Top of Given data

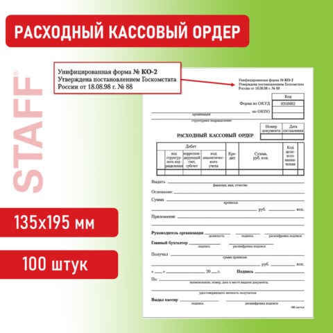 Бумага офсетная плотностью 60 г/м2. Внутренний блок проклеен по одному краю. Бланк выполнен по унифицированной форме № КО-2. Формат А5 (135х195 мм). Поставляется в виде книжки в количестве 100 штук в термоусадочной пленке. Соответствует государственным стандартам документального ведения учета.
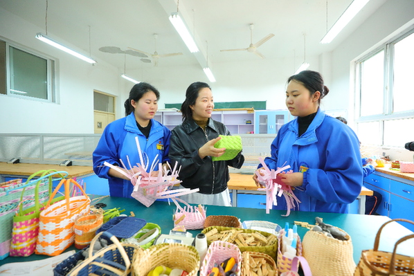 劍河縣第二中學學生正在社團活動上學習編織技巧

Bottom of Given data
Top of Given data

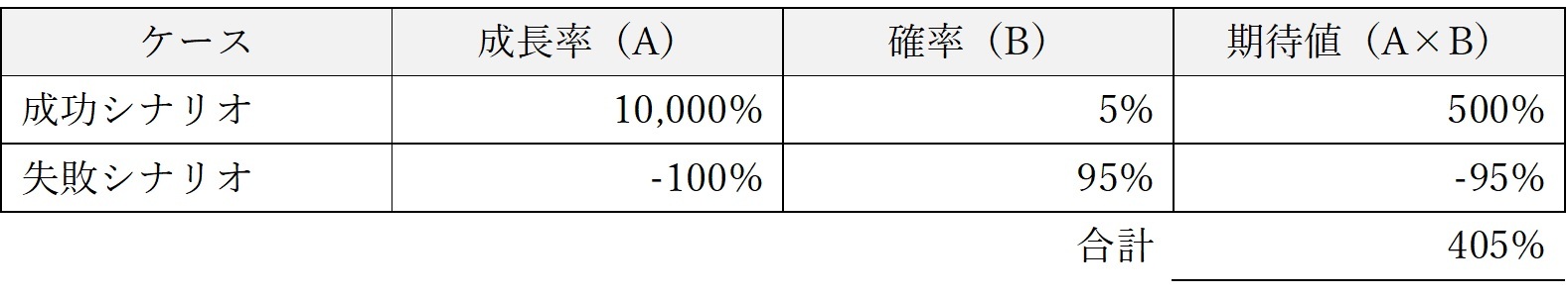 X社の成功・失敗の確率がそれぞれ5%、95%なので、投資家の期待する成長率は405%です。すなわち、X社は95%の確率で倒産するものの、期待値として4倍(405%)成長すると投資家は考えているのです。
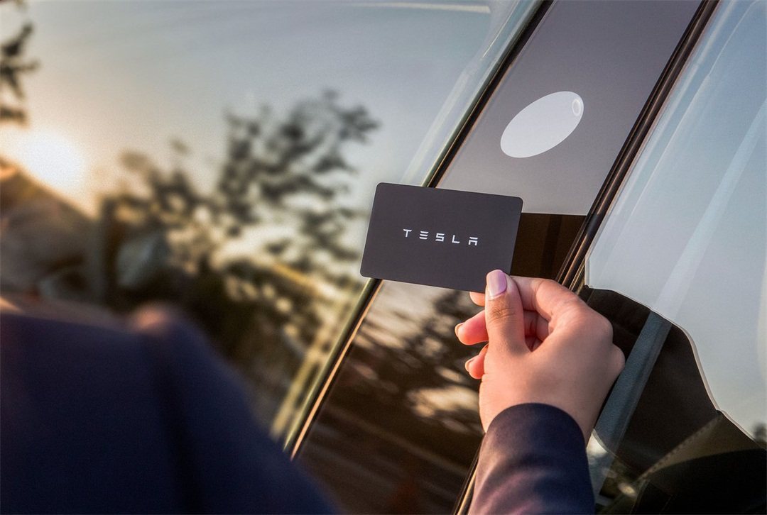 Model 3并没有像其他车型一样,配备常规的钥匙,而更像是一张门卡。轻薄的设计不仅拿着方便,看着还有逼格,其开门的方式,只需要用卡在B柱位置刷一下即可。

Bottom of Given data

## Activity
Find the line with "X社の成功・失敗の確率がそれ" in the entries above. Set down exactly every line from it up to and including the line with "Model 3并没有像其他车", images excluded.

## Your solution
 X社の成功・失敗の確率がそれぞれ5%、95%なので、投資家の期待する成長率は405%です。すなわち、X社は95%の確率で倒産するものの、期待値として4倍(405%)成長すると投資家は考えているのです。
 Model 3并没有像其他车型一样,配备常规的钥匙,而更像是一张门卡。轻薄的设计不仅拿着方便,看着还有逼格,其开门的方式,只需要用卡在B柱位置刷一下即可。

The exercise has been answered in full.